Table 9.1: Particle-size classes
Particle-size class Diameter of particles
Fine earth all particles ≤ 2mm
Sand > 63 μm - ≤ 2 mm
Very coarse sand > 1250 μm - ≤ 2 mm
Coarse sand > 630 μm - ≤ 1250 μm
Medium sand > 200 μm - ≤ 630 μm
Fine sand > 125 μm - ≤ 200 μm
Very fine sand > 63 μm - ≤ 125 μm
Silt > 2 μm - ≤ 63 μm
Coarse silt > 20 μm - ≤ 63 μm
Fine silt > 2 μm - ≤ 20 μm
Clay ≤ 2 μm
Coarse clay > 0.2 μm - ≤ 2 μm
Fine clay ≤ 0.2 μm

The pre-treatment of the sample is aimed at complete dispersion of the primary particles. Therefore, cementing materials (usually of secondary origin) such as organic matter and calcium carbonate may have to be removed. In some cases, de-ferration also needs to be applied. The amount of cementing material has to be documented. However, depending on the aim of study, it may be fundamentally wrong to remove cementing materials. Thus, all pre-treatments are considered optional. However, for soil characterization purposes, removal of organic matter by H2O2 and of carbonates by HCl is routinely carried out. After this pre-treatment, the sample is shaken with a dispersing agent and sand is separated from clay and silt with a 63-μm sieve. The sand is fractionated by dry sieving; the clay and silt fractions are determined by the pipette method or, alternatively, by the hydrometer method.

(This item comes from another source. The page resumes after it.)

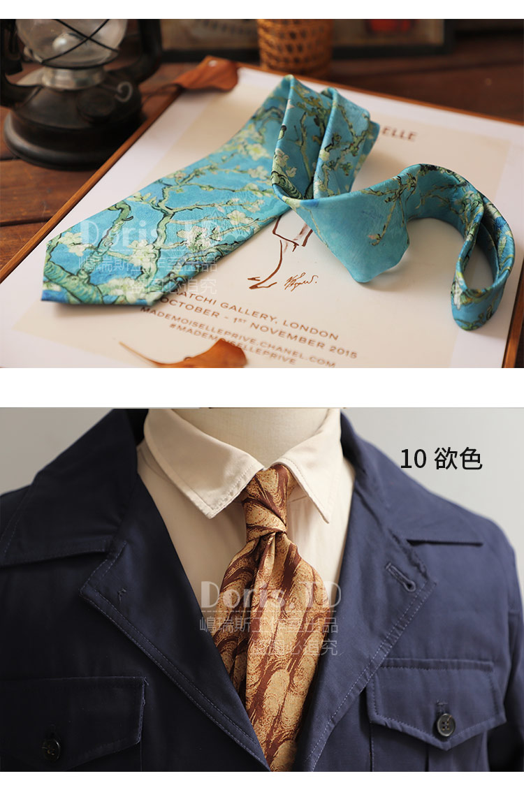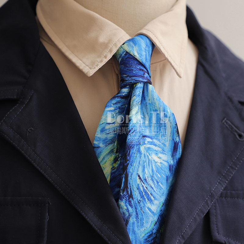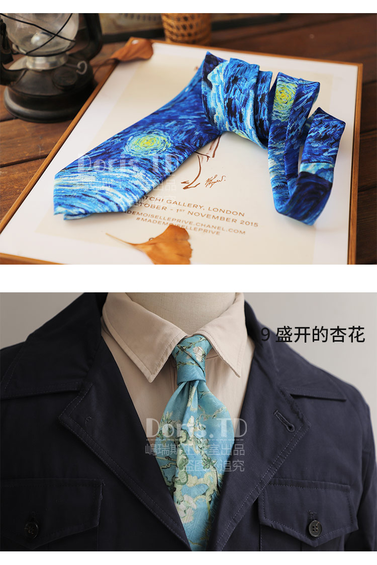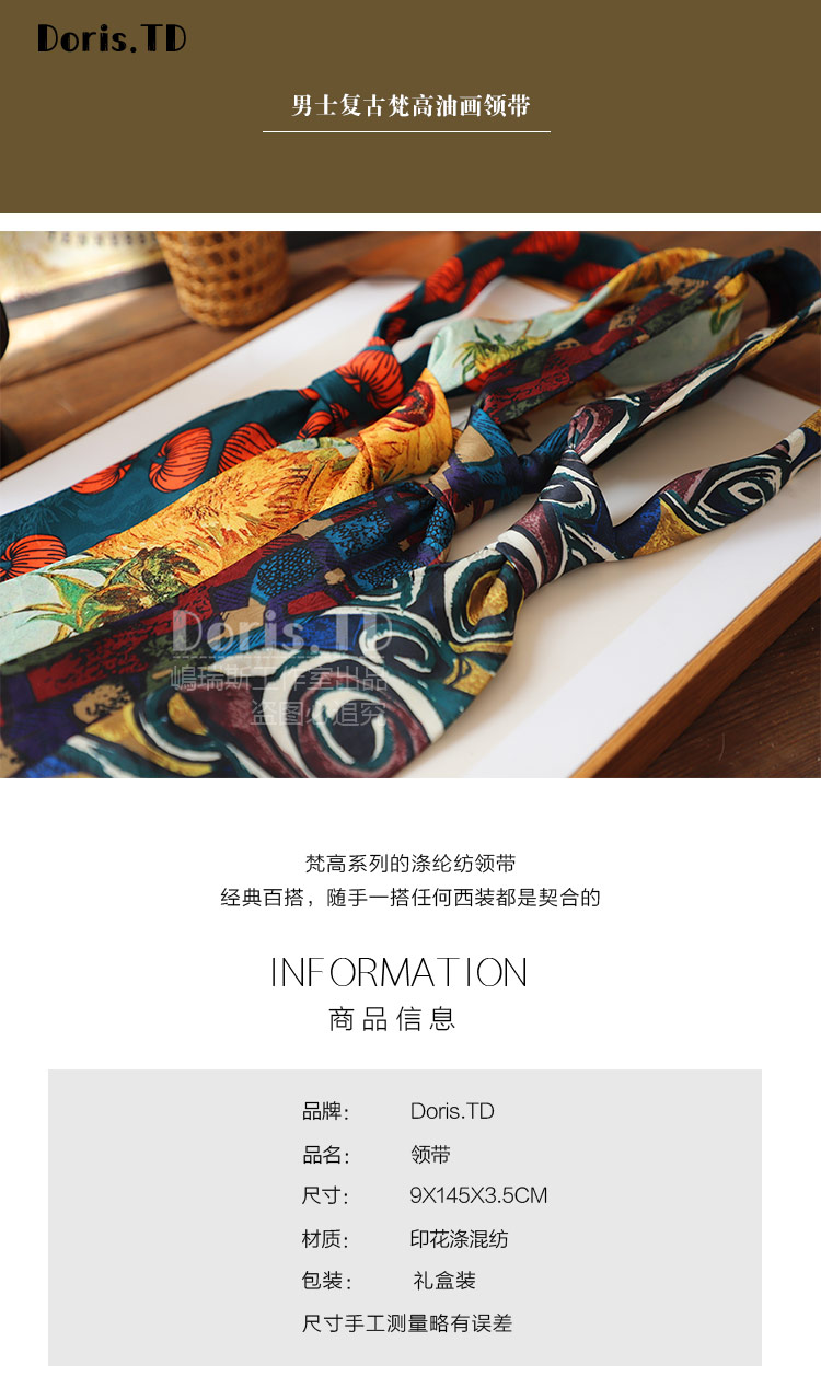 반 고흐의 그림 레트로 캐주얼 아메리칸 프린트 레트로 유화 넥타이 남녀 거리 유피 스타일 선물 상자

9.4 Water-dispersible clay

This is the clay content found when the sample is dispersed with water without any pre-treatment to remove cementing compounds and without use of a dispersing agent. The proportion of water-dispersible clay to total clay can be used as a structure stability indicator.

9.5 Bulk density

Density is defined as mass per unit volume. Soil bulk density is the ratio of the mass of solids to the total or bulk volume and is given at dry state. This total volume includes the volume of both solids and pore space. The volume and therefore the bulk density changes with swelling and shrinking, which is related to the water content. For that reason, the water status of the sample prior to drying must be specified.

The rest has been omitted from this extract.